The book concentrates on the people — composers, librettists, designers, and technicians — as well as the theaters and events that generated developments in opera production. He also covers the functions of impresarios, and the business of music publishing.

Cajetan's 1842 "Watch Out That the Wreath Doesn’t Land on the Double Bass!," from Wiener Allgemeine Theaterzeitung
Cajetan's 1842 "Watch Out That the Wreath Doesn’t Land on the Double Bass!," from Wiener Allgemeine Theaterzeitung

Including some 200 color illustrations it is a revealing look at what happens before the curtain goes up on opening night at the opera house.

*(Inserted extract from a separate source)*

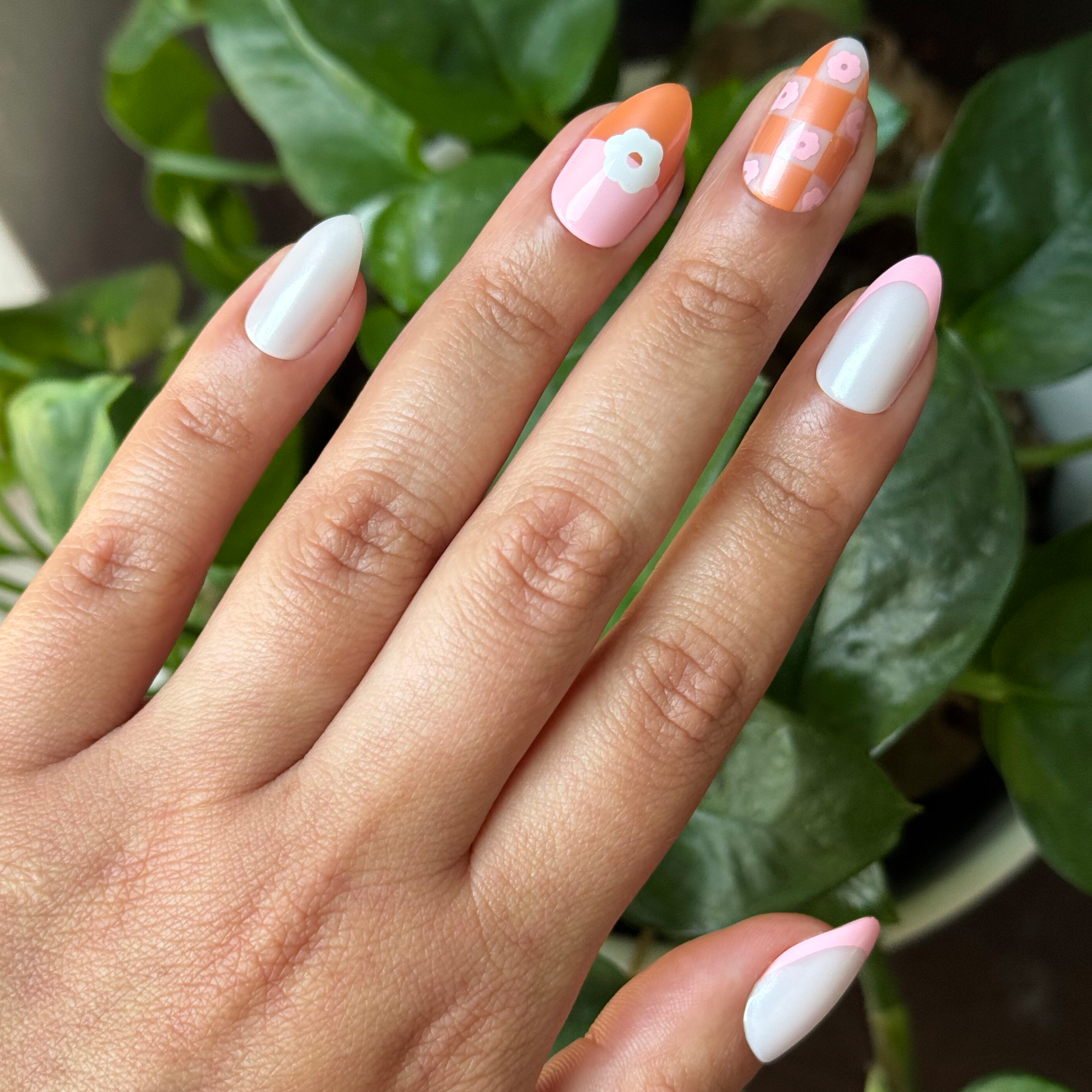 A fabulously floral mixed pack of frenches. prints and solids topped with chrome in a medium almond shape.

About the the Cajetan illustration shown here, Baker says, "Like their Italian counterparts, audiences in German-speaking countries idolized many singers and were not afraid to express their feelings. Here, perfectly coiffed, white gloved dandies prepare to hurl a large, flowered wreath from the gallery to the stage during the applause at a curtain call. At left is a shabby seat with ripped fabric in its back, and one of the dandies is viewing the stage with long binoculars, as are others in their boxes with even longer binoculars."

To be published on Nov. 15, the book will be available in numerous outlets in the West carrying University of Chicago Press publications. It is already listed on Amazon.

Besides his many lectures for the San Francisco Opera Guild, Los Angeles-based Baker also remembers SFO as the place of his first professional engagement, an associate in the rehearsal office in 1977.